» **Brief**: Write the data out again, character for character, with no images.

» **Source material**:
BEGIN

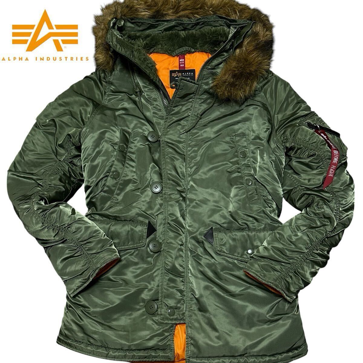 > 極美品/M相当●アルファインダストリーズ N-3B フライトジャケット ファー リボン付き 極暖 ミリタリー レプリカグレー ALPHAINDUSTRIES
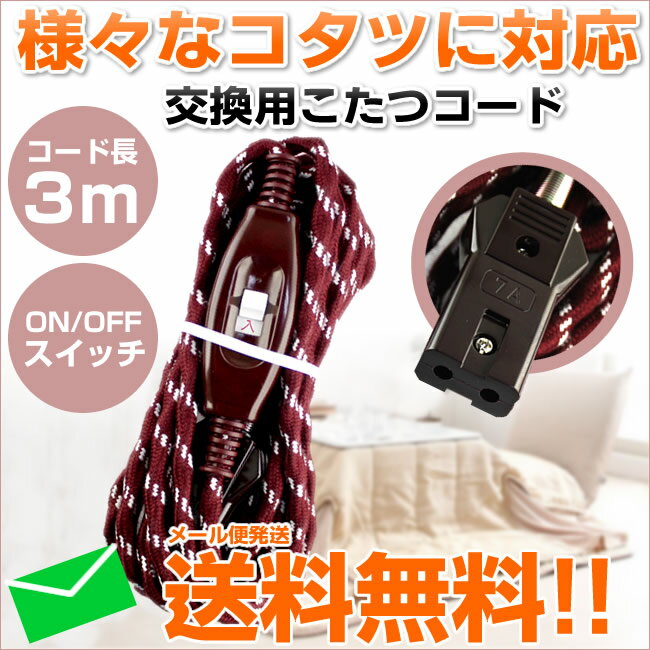 【メール便送料無料】 こたつコード (コード長3m) MK-3[7A 125V 2個口プラグ 中間スイッチ付き 電気こたつコード プラグ 1000円ポッキリ ぽっきり 交換用] 送料込み【RCP】マクサー電気製[920]
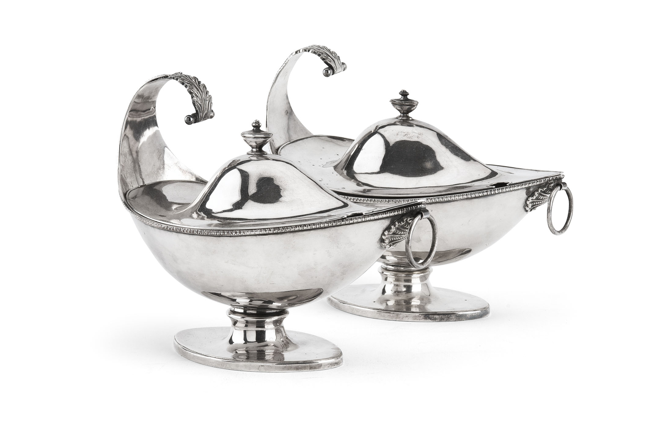 the shaped oblong box with sloped covers flanking the swing handle, decorated with tendrils of ivy and horn inlaid rims

END

» **Task result**:
 > 極美品/M相当●アルファインダストリーズ N-3B フライトジャケット ファー リボン付き 極暖 ミリタリー レプリカグレー ALPHAINDUSTRIES
 【メール便送料無料】 こたつコード (コード長3m) MK-3[7A 125V 2個口プラグ 中間スイッチ付き 電気こたつコード プラグ 1000円ポッキリ ぽっきり 交換用] 送料込み【RCP】マクサー電気製[920]
 the shaped oblong box with sloped covers flanking the swing handle, decorated with tendrils of ivy and horn inlaid rims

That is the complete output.